Congenital vertical talus is a rare foot deformity. The hindfoot is valgus and equinus, the midfoot is dorsiflexed and forefoot is abducted due to a fixed dorsal dislocation of the navicular on the head of the talus and the cuboid on the anterior part of the calcaneus. The epidemiology and etiology of vertical talus is unknown. Dobbs et al. (J Bone Joint Surg Am 88(6):1192–200, 2006) described a minimally invasive alternative which allowed to avoid the need for extensive soft tissue release procedures in treatment of congenital vertical talus. Eleven congenital vertical talus feet (group 5 according to Hamanishi) in eight children (four boys and four girls) constituted the study material. Upon the diagnosis, the patients’ age ranged from 5 to 26 months old (the mean – 14.6). The treatment involved serial manipulation and casting according to the reverse Ponseti method (from 4 to 7 casts) followed by a minimally invasive approach consisting in temporary stabilization of the talonavicular joint with the use of K-wire and Achilles tenotomy according to the Dobbs technique. Then patients continued the shoe and bar program for 2 years. The X-ray measurements on lateral radiographic included the talocalcaneal angle, tibiotalar angle and talar axis—first metatarsal base angle whereas AP radiographic images—the talocalcaneal angle and talar axis—first metatarsal angle. The Wilcoxon test was used to compare dependent variables. The final clinical assessment made during the last follow-up (the mean: 35.8 months, the range: 25–52) revealed that neutral position of the foot and normal range of motion were observed in ten cases and recurrence of foot deformity in one case. The last X-ray examination showed normalization all of radiological parameters, except for one case, and examined parameters were statistically significant. The minimally invasive technique described by Dobbs should be the first option in treatment of congenital vertical talus. It allows to reduce the talonavicular joint, brings good results and preserves foot mobility. The attention should be put on early diagnosis.

Introduction

Congenital vertical talus is a rare foot deformity. The hindfoot is valgus and equinus, the midfoot is dorsiflexed and forefoot is abducted due to a fixed dorsal dislocation of the navicular on the head of the talus and the cuboid on the anterior part of the calcaneus.

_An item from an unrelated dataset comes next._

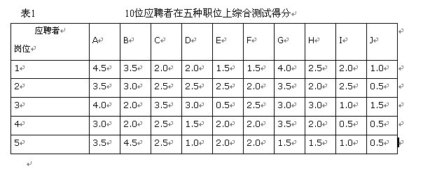 某企业根据生产经营需要,决定招聘1、2、3、4、5五种职位所需要的人员,如果假设岗位1、岗位2、岗位3、岗位4、岗位5所需的最低测试分数分别3.5,2.5,2.5,3.0,3.5,要从这10个人中选出5人来担当不同的岗位,其综合测试得分如表1:

The condition usually misdiagnosed during first weeks or months of newborn life, which is contributed to difficulty in differentiating between the foot abnormality and other more common positional foot anomalies, such as calcaneovalgus deformity, oblique talus or flexible flatfoot [1, 2]. An X-ray of foot is necessary so as to set a proper diagnosis which can be a challenge in early life. The epidemiology and etiology of vertical talus is unknown, the estimated prevalence is 1 in 10,000 live births [3]. A typical surgical management for vertical talus used to be intensive and long. The posterolateral approach which allowed to extend the correction with medial access (one-stage or two-stage approach) or Cincinnati surgical approach were used to restore a normal, anatomical foot. It could lead to a complication including both undercorrection and overcorrection of the deformity, stiffness caused by extensive soft tissue release [4, 5]. Finally, early degenerative joint changes in the foot bones were observed. Dobbs et al., in 2006, described a minimally invasive alternative which allowed to avoid performing extensive soft tissue release procedures in treatment of congenital vertical talus [1].

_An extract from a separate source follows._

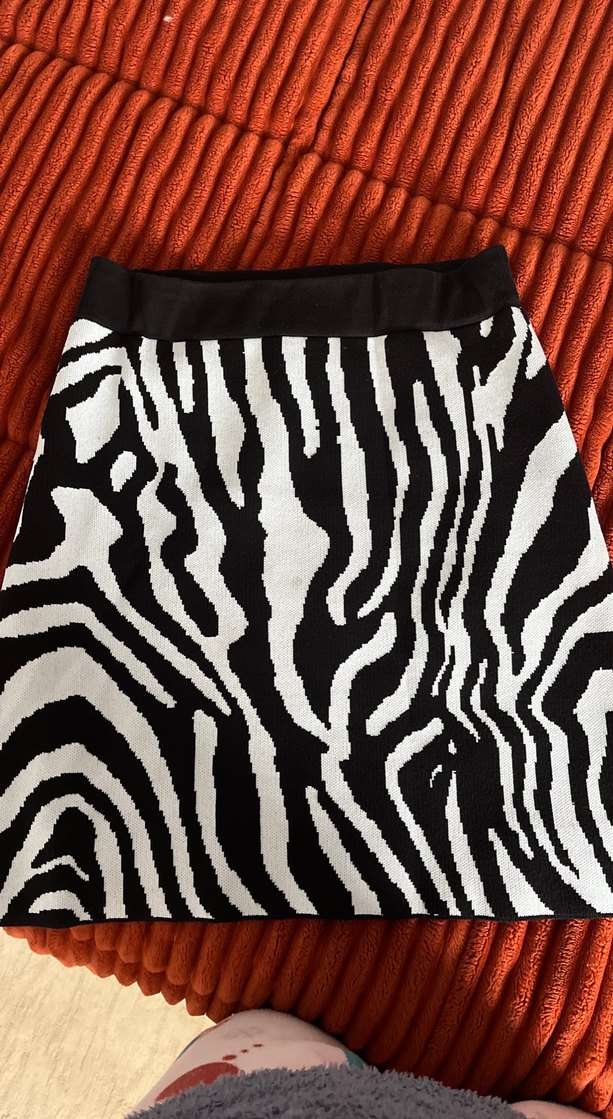 Siyah Zebra Desenli Mini Kadın Etek

The aim of this study is to present clinical and radiological results by using a minimally invasive procedures in treatment of congenital vertical talus.

Methods

Eleven congenital vertical talus feet in eight children (four boys and four girls) constituted the study material. The children did not demonstrate any other health condition, such as: neural tube defects, neuromuscular disorders, malformation syndromes and chromosomal aberrations—group 5 according to Hamanishi [6]. Children were treated consistently by senior author with the application of the Dobbs method. The etiology of foot deformity did not change to the end of the observation. What is worth stressing is the fact that we did not observe generalized joint laxity. In one case we simultaneously observed bilateral vertical talus and bilateral DDH (type IIIa according to the Graff classification), which was successfully treated with a Pavlik harness. Upon the diagnosis, the patients’ age ranged from 5 to 26 months old (the mean: 14.6). A clinical examination revealed a hindfoot equinus and valgus, forefoot dorsiflexion and abduction in all cases. A convex plantar surface (rocker-bottom) was not so clearly visible because of thick fat pad which covered the foot, particularly in older babies. The deformity was rigid with a certain degree of flexibility between the navicular and talar head with plantar flexion of the forefoot. A radiographic evaluation includes weight-bearing (a mimic weight-bearing in younger patients) AP, a lateral view of the foot and a lateral view of the foot in the maximum plantar flexion. Lateral radiographic measurements include the talocalcaneal angle, tibiotalar angle and talar axis—first metatarsal base angle (TAMBA) and on AP radiographs show—the talocalcaneal angle and talar axis—first metatarsal angle (Table 1) [6].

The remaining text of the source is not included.